++++ Stored data

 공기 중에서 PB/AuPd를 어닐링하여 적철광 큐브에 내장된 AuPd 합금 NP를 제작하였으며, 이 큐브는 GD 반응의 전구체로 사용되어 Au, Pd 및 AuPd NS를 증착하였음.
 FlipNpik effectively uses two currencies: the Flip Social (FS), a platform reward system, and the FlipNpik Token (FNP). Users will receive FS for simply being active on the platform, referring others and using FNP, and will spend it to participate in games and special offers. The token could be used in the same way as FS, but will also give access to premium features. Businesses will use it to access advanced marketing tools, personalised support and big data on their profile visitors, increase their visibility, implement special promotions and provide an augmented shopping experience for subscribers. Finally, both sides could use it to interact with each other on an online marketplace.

++++++++
++++ Stored data

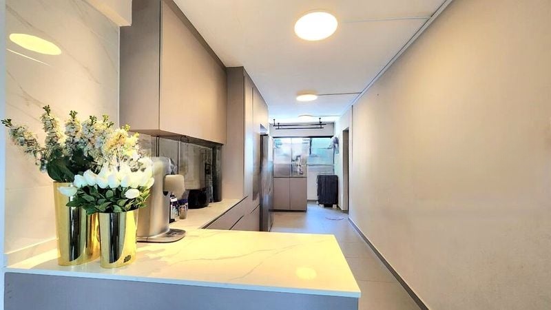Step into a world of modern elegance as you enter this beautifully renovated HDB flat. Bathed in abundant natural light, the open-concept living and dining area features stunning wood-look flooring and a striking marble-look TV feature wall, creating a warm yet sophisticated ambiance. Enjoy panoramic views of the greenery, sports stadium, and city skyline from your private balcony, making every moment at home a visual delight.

++++++++

# Problem statement:
Which lines run from the one holding "공기 중에서 PB/AuPd를" through the one holding "FlipNpik effectively uses" in the records above? Repeat them exactly, both included, and nothing more.

# Reply to the exercise:
 공기 중에서 PB/AuPd를 어닐링하여 적철광 큐브에 내장된 AuPd 합금 NP를 제작하였으며, 이 큐브는 GD 반응의 전구체로 사용되어 Au, Pd 및 AuPd NS를 증착하였음.
 FlipNpik effectively uses two currencies: the Flip Social (FS), a platform reward system, and the FlipNpik Token (FNP). Users will receive FS for simply being active on the platform, referring others and using FNP, and will spend it to participate in games and special offers. The token could be used in the same way as FS, but will also give access to premium features. Businesses will use it to access advanced marketing tools, personalised support and big data on their profile visitors, increase their visibility, implement special promotions and provide an augmented shopping experience for subscribers. Finally, both sides could use it to interact with each other on an online marketplace.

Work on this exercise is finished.